--- Data Enclosed Below ---

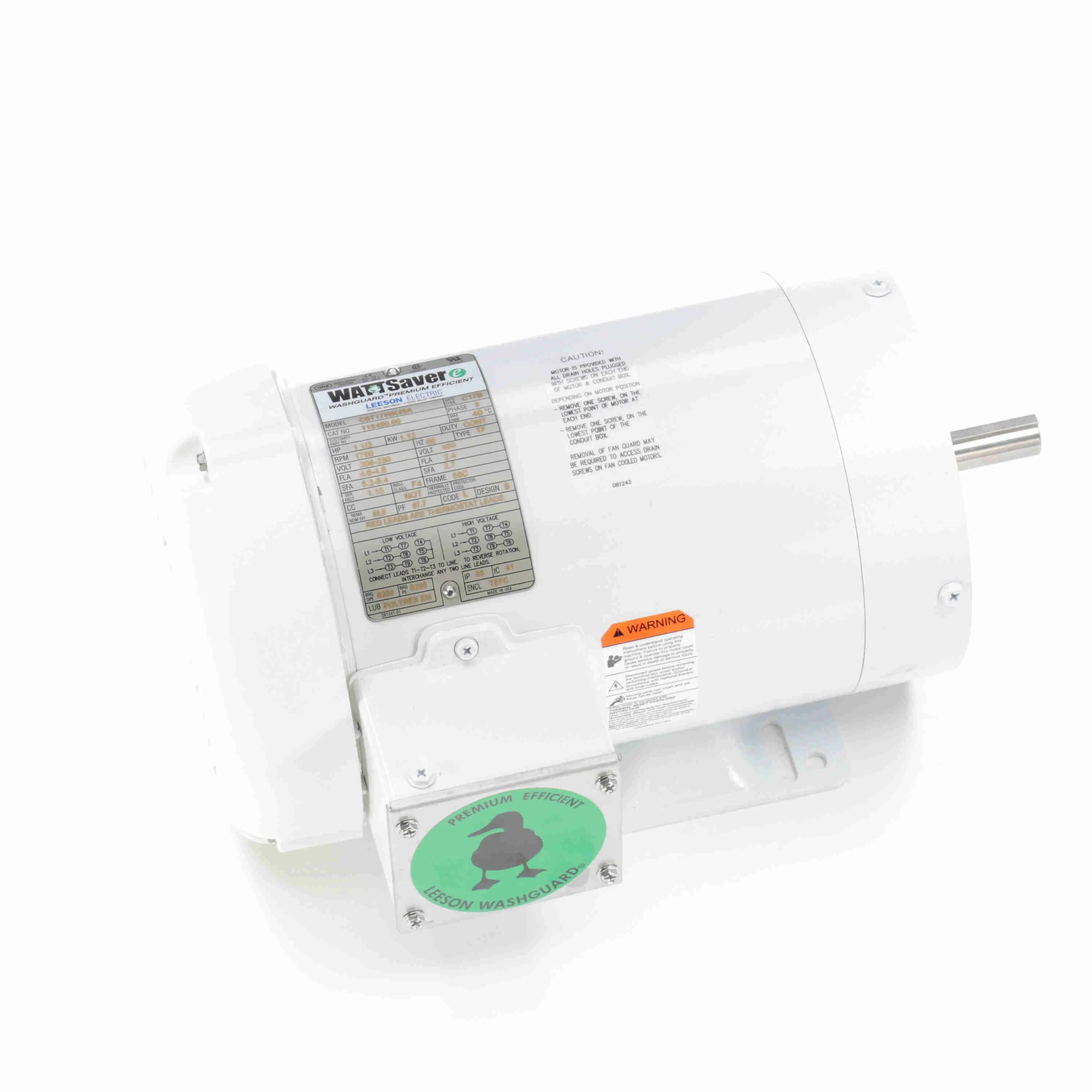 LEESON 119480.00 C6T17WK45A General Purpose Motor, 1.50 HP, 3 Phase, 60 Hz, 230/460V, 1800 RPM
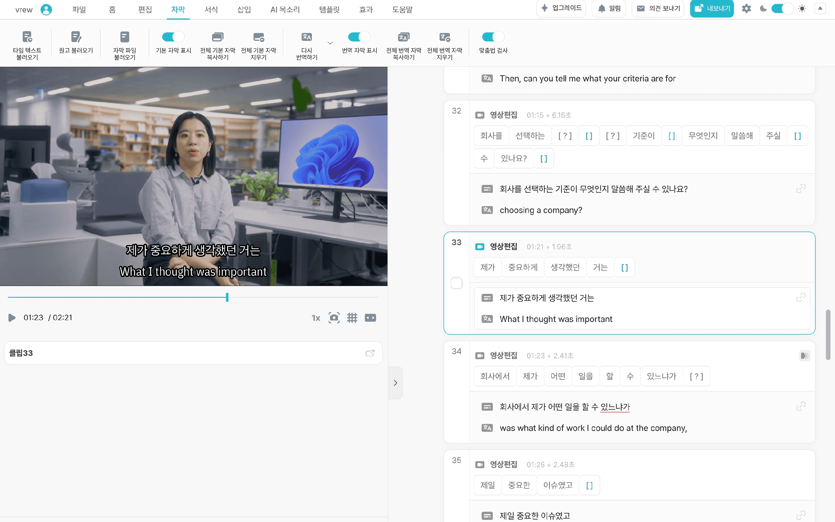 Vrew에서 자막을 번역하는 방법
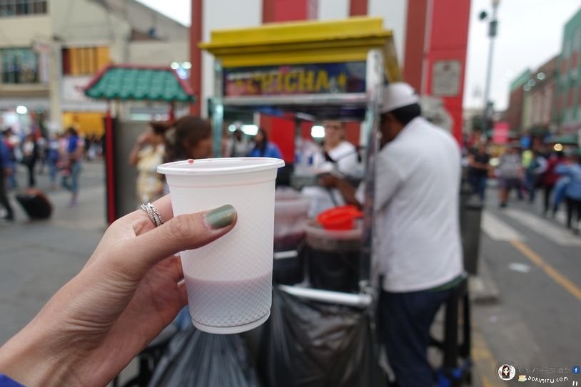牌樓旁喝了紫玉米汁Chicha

--- End of Enclosed Data ---

■ **Your assignment**:
Copy out all the data without changing anything, and drop the pictures.

■ **Solution**:
 LEESON 119480.00 C6T17WK45A General Purpose Motor, 1.50 HP, 3 Phase, 60 Hz, 230/460V, 1800 RPM
 Vrew에서 자막을 번역하는 방법
牌樓旁喝了紫玉米汁Chicha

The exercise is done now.